» **Work item**
Which lines of the entries below run from the one holding "暑いからか、バイクも車も全然いない。駐車場ガラガラ。" to the one holding "- Une zone lente", inclusive? Set down exactly those lines and no others.

» **Provided entries**
╭──

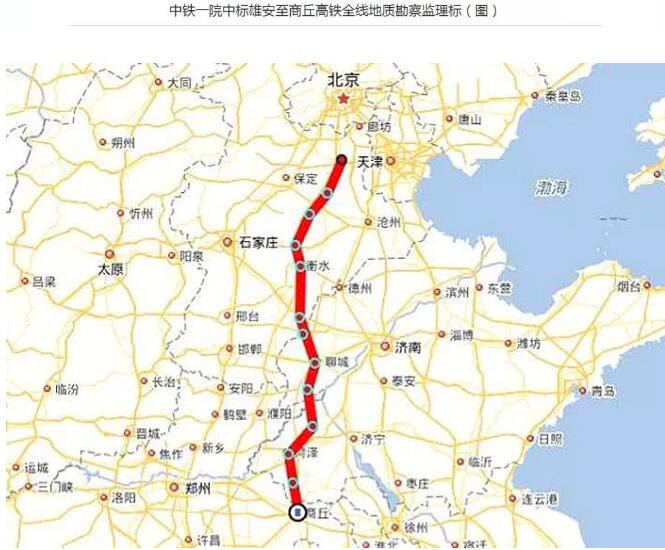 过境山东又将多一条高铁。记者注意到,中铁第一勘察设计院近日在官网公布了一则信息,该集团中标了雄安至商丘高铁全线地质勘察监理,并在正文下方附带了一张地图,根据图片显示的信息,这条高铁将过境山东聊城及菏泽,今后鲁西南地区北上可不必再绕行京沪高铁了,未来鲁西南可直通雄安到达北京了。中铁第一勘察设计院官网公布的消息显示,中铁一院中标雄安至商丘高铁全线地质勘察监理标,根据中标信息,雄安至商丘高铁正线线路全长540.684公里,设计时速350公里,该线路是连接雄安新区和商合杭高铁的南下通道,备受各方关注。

╰──
╭──

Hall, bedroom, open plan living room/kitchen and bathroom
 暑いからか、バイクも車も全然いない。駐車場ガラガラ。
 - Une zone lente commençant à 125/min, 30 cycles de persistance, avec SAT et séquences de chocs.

╰──

» **Worked solution**
 暑いからか、バイクも車も全然いない。駐車場ガラガラ。
 - Une zone lente commençant à 125/min, 30 cycles de persistance, avec SAT et séquences de chocs.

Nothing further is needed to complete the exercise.